* **Problem requirements**
Copy the listing below exactly. Pictures stay out of it.

* **Stored data**
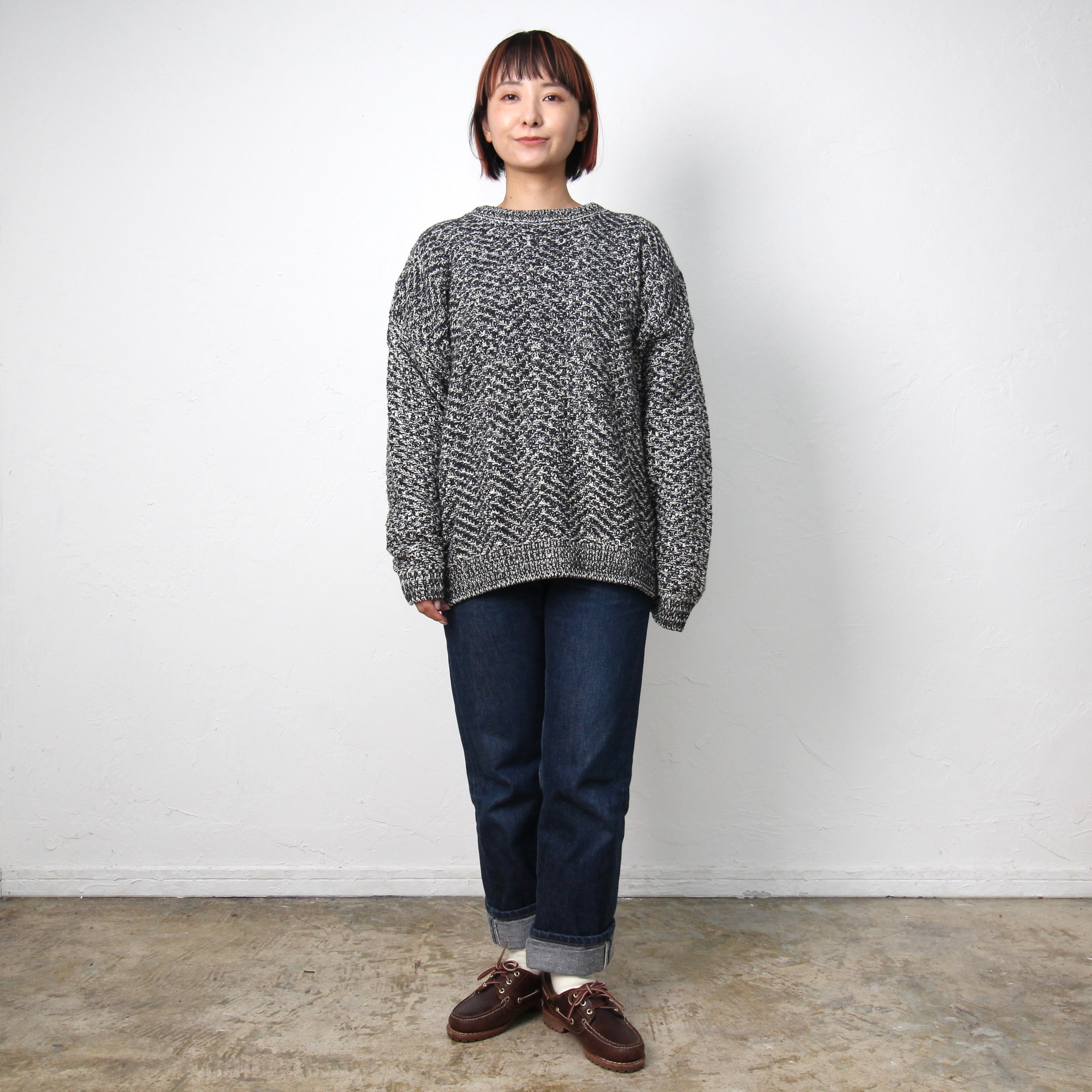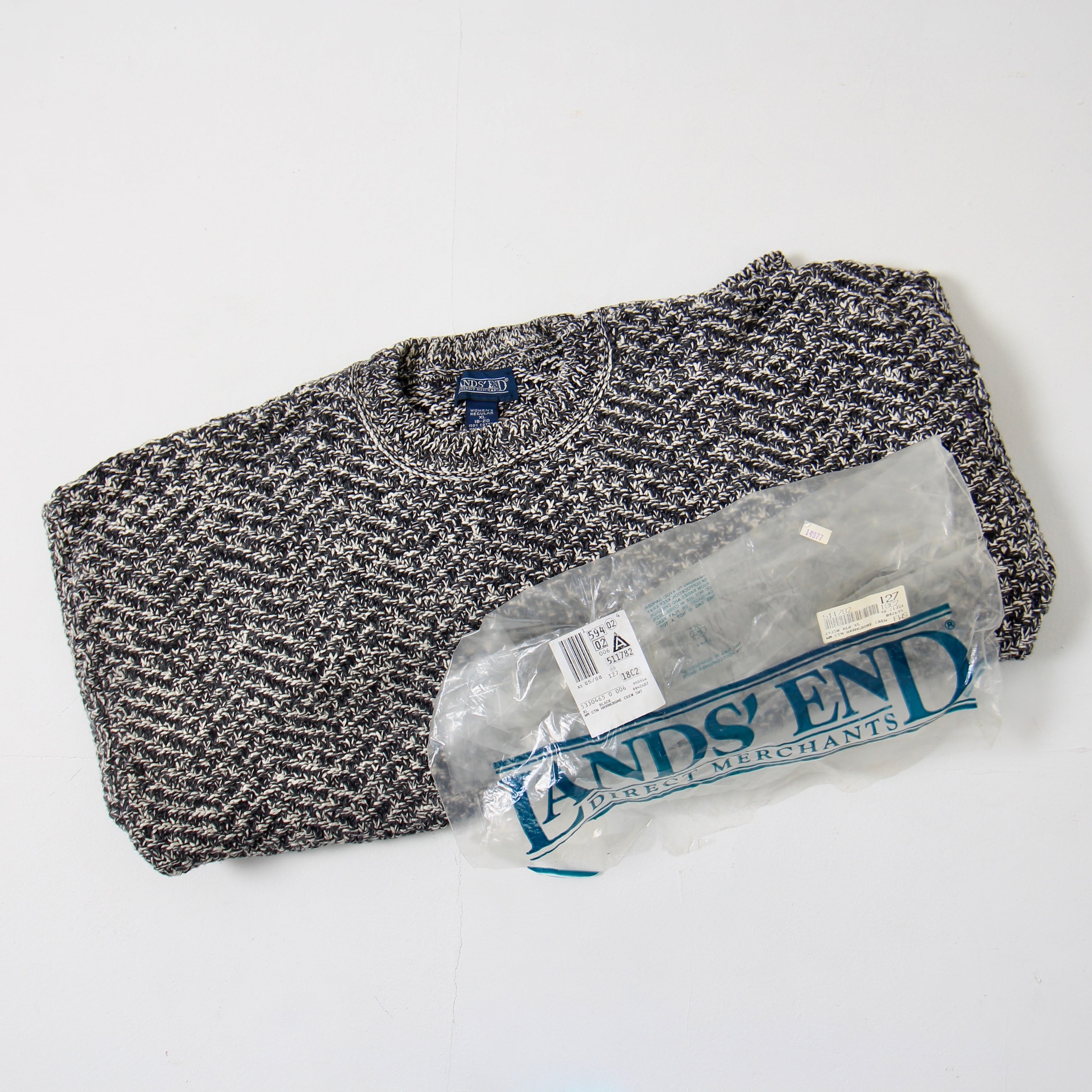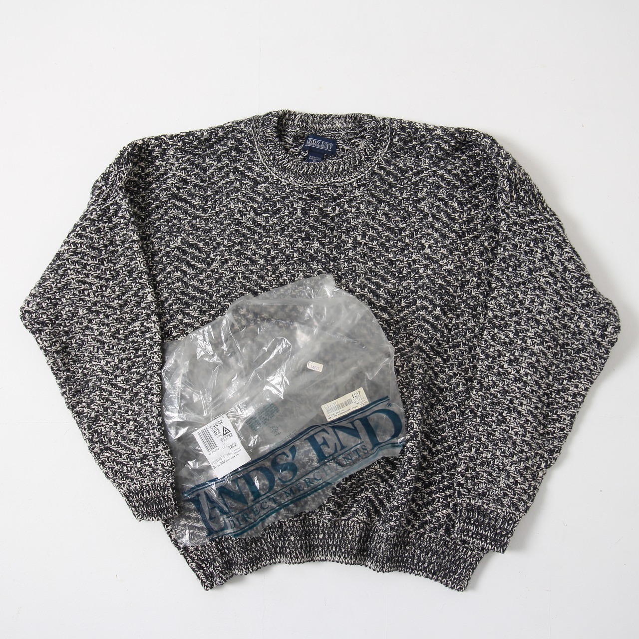 (DEADSTOCK)1980s〜LANDS END BLACK HRRNGBONE CREW KNIT SWEATER
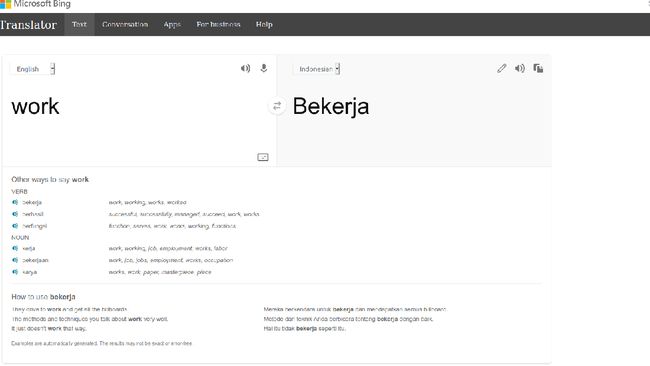 Situs lainnya yang bisa kalian coba adalah Bab.la. Translator ini cocok untuk kalian yang ingin menerjemahkan bahasa kata per kata. Tiap satu kata, kamu bisa mencari definisi, persamaan kata, konjugasi, pengucapan, dan contohnya. Sekali translate, pengguna hanya bisa memasukkan teks sebanyak 1.000 karakter.
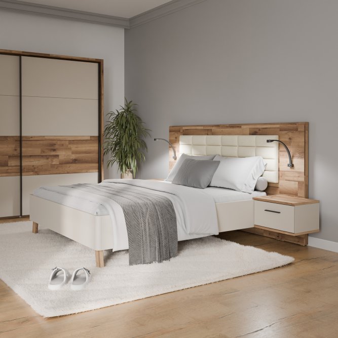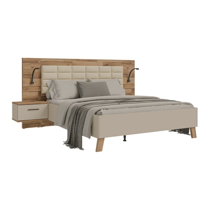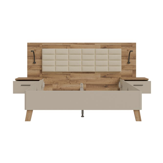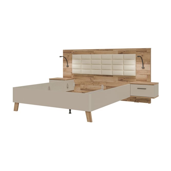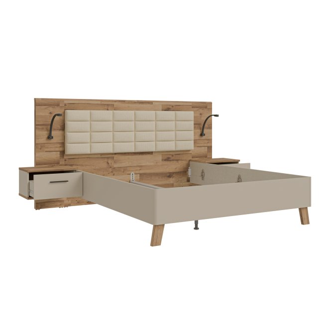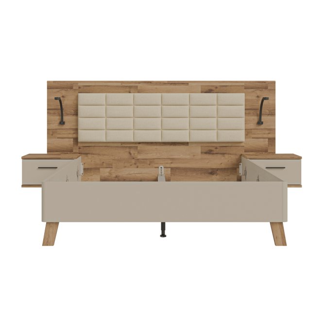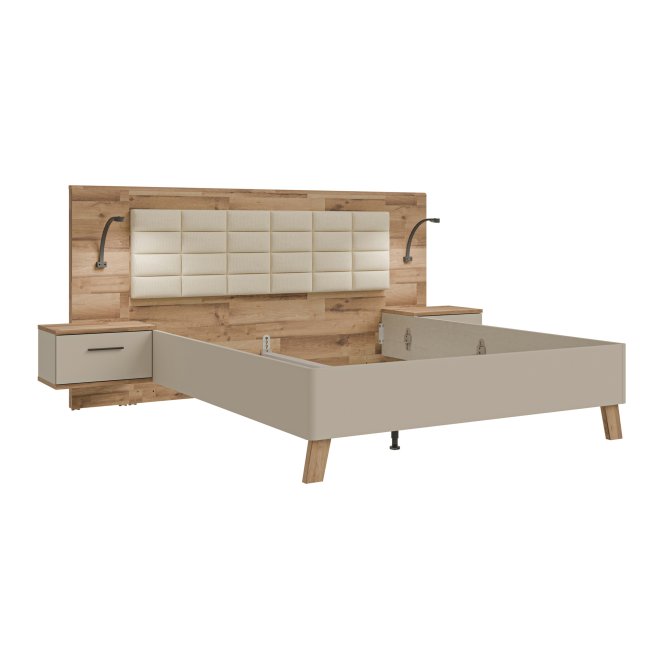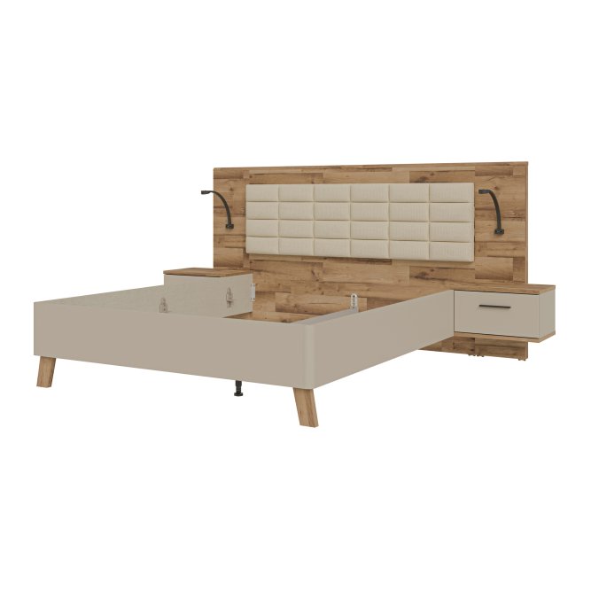 Łóżko z szafkami nocnymi RICCIANO doskonale wkomponuje się w aranżację sypialni w stylu n/a. Powierzchnia spania o wymiarach 200x160 cm tworzy komfortowe miejsce na wieczorny relaks oraz spokojny sen. (2) szuflady zapewniają dodatkową przestrzeń do przechowywania.Mebel w dekorze Piaskowy ) / Dąb klepkowy )/ Piaskowy ) / Dąb klepkowy ) możesz zestawić z innymi elementami kolekcji.

* **Solution for this exercise**
 (DEADSTOCK)1980s〜LANDS END BLACK HRRNGBONE CREW KNIT SWEATER
 Situs lainnya yang bisa kalian coba adalah Bab.la. Translator ini cocok untuk kalian yang ingin menerjemahkan bahasa kata per kata. Tiap satu kata, kamu bisa mencari definisi, persamaan kata, konjugasi, pengucapan, dan contohnya. Sekali translate, pengguna hanya bisa memasukkan teks sebanyak 1.000 karakter.
 Łóżko z szafkami nocnymi RICCIANO doskonale wkomponuje się w aranżację sypialni w stylu n/a. Powierzchnia spania o wymiarach 200x160 cm tworzy komfortowe miejsce na wieczorny relaks oraz spokojny sen. (2) szuflady zapewniają dodatkową przestrzeń do przechowywania.Mebel w dekorze Piaskowy ) / Dąb klepkowy )/ Piaskowy ) / Dąb klepkowy ) możesz zestawić z innymi elementami kolekcji.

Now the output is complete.